14 July 2022 Editor’s Note: The editors of Nature have been alerted to concerns regarding some of the figures in this paper. Nature is investigating these concerns, and a further editorial response will follow as soon as possible. In the meantime, readers are advised to use caution when using results reported therein.

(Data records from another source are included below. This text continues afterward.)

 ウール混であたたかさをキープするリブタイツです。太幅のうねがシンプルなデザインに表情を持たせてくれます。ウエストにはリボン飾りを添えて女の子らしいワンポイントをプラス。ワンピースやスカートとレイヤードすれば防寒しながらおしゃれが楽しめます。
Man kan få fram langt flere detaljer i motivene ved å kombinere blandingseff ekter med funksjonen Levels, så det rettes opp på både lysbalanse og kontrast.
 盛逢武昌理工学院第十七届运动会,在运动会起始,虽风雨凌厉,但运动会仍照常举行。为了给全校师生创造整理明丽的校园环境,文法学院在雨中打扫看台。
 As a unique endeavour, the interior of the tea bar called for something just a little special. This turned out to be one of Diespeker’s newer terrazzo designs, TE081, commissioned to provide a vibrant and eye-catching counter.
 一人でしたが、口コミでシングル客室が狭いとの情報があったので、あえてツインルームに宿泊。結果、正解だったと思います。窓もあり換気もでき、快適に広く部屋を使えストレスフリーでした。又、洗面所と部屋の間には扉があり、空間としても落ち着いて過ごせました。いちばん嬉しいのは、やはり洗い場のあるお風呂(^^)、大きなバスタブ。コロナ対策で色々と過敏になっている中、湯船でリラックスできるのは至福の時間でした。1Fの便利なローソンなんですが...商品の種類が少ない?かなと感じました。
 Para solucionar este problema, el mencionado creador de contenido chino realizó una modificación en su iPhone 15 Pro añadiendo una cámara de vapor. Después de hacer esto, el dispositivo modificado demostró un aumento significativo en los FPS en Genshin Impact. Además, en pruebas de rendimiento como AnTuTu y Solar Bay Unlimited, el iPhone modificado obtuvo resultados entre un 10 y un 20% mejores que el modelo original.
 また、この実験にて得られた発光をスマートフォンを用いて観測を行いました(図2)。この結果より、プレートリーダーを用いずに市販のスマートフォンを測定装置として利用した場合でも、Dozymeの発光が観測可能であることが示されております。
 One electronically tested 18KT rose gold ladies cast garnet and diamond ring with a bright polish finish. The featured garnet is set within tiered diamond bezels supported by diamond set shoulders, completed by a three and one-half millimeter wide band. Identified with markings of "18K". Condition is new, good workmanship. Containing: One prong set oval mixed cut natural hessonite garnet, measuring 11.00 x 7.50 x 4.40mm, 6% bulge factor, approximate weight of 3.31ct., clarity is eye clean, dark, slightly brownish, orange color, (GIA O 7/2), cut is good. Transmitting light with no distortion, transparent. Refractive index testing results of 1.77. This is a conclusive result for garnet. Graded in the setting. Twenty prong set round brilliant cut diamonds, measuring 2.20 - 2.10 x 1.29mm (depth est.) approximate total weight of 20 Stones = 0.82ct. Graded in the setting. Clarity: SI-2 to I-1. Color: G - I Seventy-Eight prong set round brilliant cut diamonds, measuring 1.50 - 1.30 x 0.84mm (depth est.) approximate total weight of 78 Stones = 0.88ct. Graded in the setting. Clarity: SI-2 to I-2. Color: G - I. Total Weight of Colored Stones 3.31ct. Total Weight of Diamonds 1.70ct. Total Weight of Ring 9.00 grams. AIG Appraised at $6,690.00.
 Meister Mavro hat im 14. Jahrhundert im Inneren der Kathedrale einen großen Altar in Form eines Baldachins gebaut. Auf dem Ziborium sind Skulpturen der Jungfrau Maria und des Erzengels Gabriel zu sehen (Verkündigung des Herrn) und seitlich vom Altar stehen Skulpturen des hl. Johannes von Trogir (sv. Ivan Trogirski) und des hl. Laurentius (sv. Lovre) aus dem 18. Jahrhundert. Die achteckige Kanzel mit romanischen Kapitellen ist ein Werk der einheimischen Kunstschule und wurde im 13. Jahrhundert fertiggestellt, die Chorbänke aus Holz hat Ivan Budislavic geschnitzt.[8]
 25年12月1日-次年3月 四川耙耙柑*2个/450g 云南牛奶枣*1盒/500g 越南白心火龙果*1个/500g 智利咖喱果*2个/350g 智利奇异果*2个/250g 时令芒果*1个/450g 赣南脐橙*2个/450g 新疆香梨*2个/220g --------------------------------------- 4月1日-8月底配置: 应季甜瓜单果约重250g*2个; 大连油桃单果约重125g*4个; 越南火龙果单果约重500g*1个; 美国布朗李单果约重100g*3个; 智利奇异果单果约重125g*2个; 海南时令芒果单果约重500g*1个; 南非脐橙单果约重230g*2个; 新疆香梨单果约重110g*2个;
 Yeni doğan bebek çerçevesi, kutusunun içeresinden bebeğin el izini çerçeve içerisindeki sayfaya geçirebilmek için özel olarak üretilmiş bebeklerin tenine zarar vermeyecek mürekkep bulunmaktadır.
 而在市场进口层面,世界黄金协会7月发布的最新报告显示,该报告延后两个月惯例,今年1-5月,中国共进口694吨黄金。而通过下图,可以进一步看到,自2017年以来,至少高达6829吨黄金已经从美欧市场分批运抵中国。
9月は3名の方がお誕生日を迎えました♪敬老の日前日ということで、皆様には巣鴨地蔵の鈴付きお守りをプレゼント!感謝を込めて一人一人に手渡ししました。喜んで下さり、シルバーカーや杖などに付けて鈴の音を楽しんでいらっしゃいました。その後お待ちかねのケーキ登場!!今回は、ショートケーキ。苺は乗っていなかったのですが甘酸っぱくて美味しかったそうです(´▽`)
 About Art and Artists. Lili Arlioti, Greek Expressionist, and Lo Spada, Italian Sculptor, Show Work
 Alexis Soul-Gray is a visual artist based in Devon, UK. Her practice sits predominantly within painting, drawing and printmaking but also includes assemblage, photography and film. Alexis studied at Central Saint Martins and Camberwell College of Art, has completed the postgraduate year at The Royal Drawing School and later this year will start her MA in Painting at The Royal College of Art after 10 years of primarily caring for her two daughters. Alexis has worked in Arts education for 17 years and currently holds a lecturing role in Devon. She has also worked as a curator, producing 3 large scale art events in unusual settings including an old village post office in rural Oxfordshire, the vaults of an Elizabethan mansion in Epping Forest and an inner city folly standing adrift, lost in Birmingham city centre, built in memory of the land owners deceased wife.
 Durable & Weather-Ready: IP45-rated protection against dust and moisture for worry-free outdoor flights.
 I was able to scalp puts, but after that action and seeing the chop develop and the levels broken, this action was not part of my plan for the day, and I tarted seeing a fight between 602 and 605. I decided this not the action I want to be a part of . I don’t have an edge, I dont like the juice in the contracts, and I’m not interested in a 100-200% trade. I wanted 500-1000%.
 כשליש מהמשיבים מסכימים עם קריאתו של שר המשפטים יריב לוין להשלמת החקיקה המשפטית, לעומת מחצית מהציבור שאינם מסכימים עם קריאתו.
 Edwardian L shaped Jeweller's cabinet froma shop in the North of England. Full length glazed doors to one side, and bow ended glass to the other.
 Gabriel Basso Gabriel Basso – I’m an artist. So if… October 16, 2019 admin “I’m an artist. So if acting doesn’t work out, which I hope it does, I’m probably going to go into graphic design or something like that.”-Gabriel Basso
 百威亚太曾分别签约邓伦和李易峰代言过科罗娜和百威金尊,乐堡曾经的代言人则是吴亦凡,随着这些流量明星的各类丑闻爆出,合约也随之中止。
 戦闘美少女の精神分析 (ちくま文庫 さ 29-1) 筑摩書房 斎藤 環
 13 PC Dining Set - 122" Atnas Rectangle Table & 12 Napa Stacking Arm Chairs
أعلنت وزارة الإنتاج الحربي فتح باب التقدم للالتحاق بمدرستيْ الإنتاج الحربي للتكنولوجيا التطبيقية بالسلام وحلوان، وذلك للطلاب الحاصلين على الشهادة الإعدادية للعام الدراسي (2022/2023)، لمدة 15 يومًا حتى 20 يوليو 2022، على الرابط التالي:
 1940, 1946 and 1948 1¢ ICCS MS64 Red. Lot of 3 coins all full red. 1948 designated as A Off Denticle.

Memory function often declines with age1, and is believed to deteriorate initially because of changes in synaptic function rather than loss of neurons2. Some individuals then go on to develop Alzheimer's disease with neurodegeneration. Here we use Tg2576 mice, which express a human amyloid-β precursor protein (APP) variant linked to Alzheimer's disease, to investigate the cause of memory decline in the absence of neurodegeneration or amyloid-β protein amyloidosis. Young Tg2576 mice (< 6 months old) have normal memory and lack neuropathology, middle-aged mice (6–14 months old) develop memory deficits without neuronal loss, and old mice (> 14 months old) form abundant neuritic plaques containing amyloid-β (refs 3–6). We found that memory deficits in middle-aged Tg2576 mice are caused by the extracellular accumulation of a 56-kDa soluble amyloid-β assembly, which we term Aβ*56 (Aβ star 56). Aβ*56 purified from the brains of impaired Tg2576 mice disrupts memory when administered to young rats. We propose that Aβ*56 impairs memory independently of plaques or neuronal loss, and may contribute to cognitive deficits associated with Alzheimer's disease.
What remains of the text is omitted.